Okay, so maybe we should define the word “born.” Because I may have technically entered this world in a hospital in Teaneck, NJ, but life didn’t really begin for me until I landed on Cape Cod. It was here that I met my first boyfriend, crashed my first car, threw up my first three (or ten) rum and Cokes. It was here that my father lost his 7-year battle with Lou Gehrig’s disease, and where my mother had to make a new life for herself. It was here where I learned hard lessons about life, and leaving one’s childhood behind. And after high school, like any restless teen, it was here I couldn’t wait to leave.
So I set out to seek fame and fortune, or at least to acquire some sort of formal education (a BA in journalism at UMass), find love, become an advertising copywriter, which I was able to do as a freelancer once my son was born. Now tethered to a family, our journey took us to Boston and New York, with us eventually landing in South Florida, where we baked for ten years. One could say it was really here that I began to write seriously, obtaining a Master’s degree in Creative Writing from Florida International University, though I could argue that the poems and stories I developed here had actually been percolating inside me since those early years.

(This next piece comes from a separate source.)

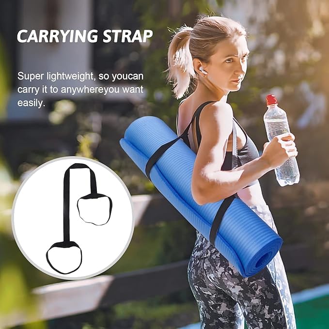 Generic - سجادة ارضية سميكة للغاية لتمارين اليوجا وصالة الالعاب الرياضية مع حزام حمل من بيسيكس - 74 × 24 × .5 انش، ازرق

Yet through all this business of living my life and raising our child, I was still haunted by the Cape. I returned to visit my mother, sister and friends as often as I could, coming up for winter holidays, renting cottages in the summer, poring over real estate ads and thinking…someday. I missed the smells and the light and the people, the local color. I missed a good r-less New England accent, small town politics, the occasional tree-splitting N’oreaster, the seniors who barely see over their steering wheels (okay, Florida has them too). I missed the chowder and steamers, the pubs that served them, and townies who frequented them, their trucks festooned with fishing poles and “Piping plover tastes like chicken” bumper stickers out in the parking lots.
I envied the people who, unlike myself, had made the decision to stay. I became slightly morose, a writer in exile, just like my Cuban brethren back in Florida. I had things to say about the place from which I’d hailed. (No, not Teaneck). I became obsessed with all things Cape Cod.

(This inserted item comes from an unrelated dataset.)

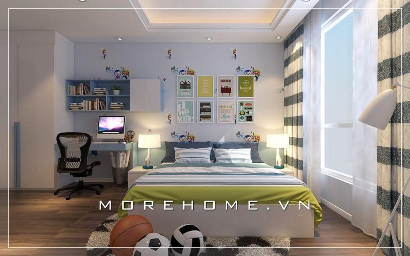 Nội thất phòng ngủ bé trai hiện đại, đơn giản mà không kém phần năng động, cá tính

I wrote most of my first Cape novel, Some Assembly Required, while living in Florida. And when we finally had the chance to move back to New England, we jumped, settling just outside of Cambridge, MA.
Fast forward over a few bumpy years to the present, where (ta da!) I am now living on Cape Cod year round for the first time since I was eighteen years old. A husband shed, though a friendship maintained, a child grown up and off at college, here I sit in the company of my devoted pooch who goes by my maiden name, Kiele, at a desk overlooking a shell driveway and tangle of trees beyond. This modest, grey-shingled house I call home has a footprint almost identical to the house no more than three miles down the road where I spent my teenage years. My wish has finally come true, and unlike so many wishes that seem great until they are actually realized, I am really happy here, a prodigal daughter returned. I am a Cape Codder, and in my heart of hearts, know I have been one all along.